Eight O'Clock Walk is a 1954 British drama film directed by Lance Comfort and starring Richard Attenborough, Cathy O'Donnell, Derek Farr and Maurice Denham. Its plot involves a taxi driver who is tried for the murder of a young girl on a bomb-site. Based on a true story, Eight O'Clock Walk is an anti-capital punishment film (the title refers to the hour at which executions were traditionally carried out) that points out the danger of circumstantial evidence resulting in the death of a mistakenly accused prisoner. It is only by good fortune that the film's innocent protagonist is cleared in this case – and the message is that not everyone might be so lucky.

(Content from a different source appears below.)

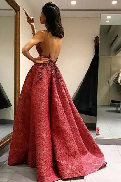 Modest A-Line Round Neck Backless Sweep Train Lace Prom Dress with Appliques PFP0313
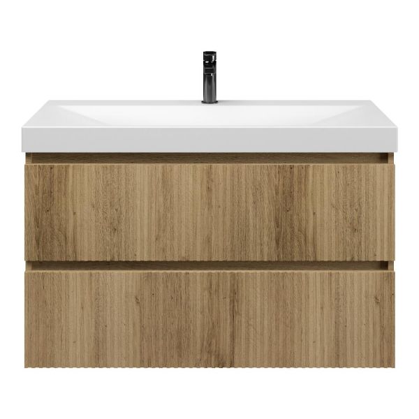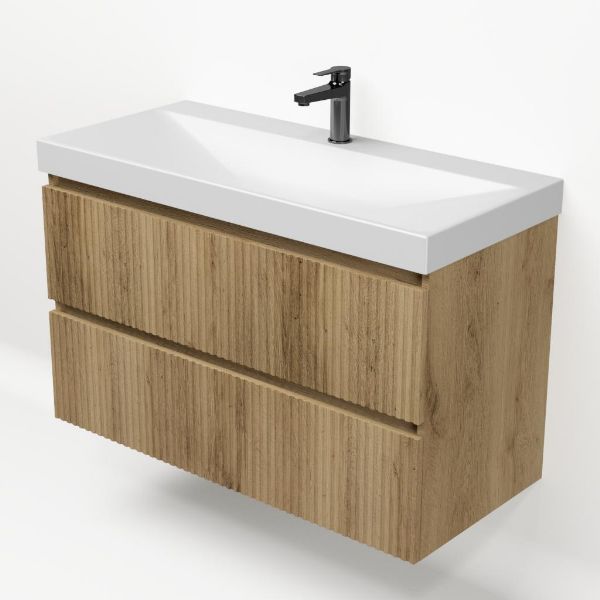 Greeploos badkamermeubel in de kleur eiken warm met met ribbel - latjes structuur is 100 cm breed. De wastafel is vervaardig in keramiek en heeft de kleur wit mat keramiek. Dit badkamermeubel met deze wastafel is leverbaar in de 100 en 120 cm

It was shot at Shepperton Studios and on location in London. The film's sets were designed by the art director Norman G. Arnold. It was the final film of the independent producer George King and was distributed by British Lion.

Plot
Just-married taxi driver Tom Manning is led to an abandoned bombsite by an eight-year-old girl (Irene), who says that she has lost her dog. The kind-hearted Manning gives her his handkerchief to dry her tears. She then runs off, taunting Manning as an April-fool prank. He stumbles and raises a fist at her in exasperation at her behaviour; this is witnessed by Mrs Zunz, a local resident. The girl is later found murdered on the bomb-site, strangled as she sang "Oranges and Lemons" while feeding the ducks.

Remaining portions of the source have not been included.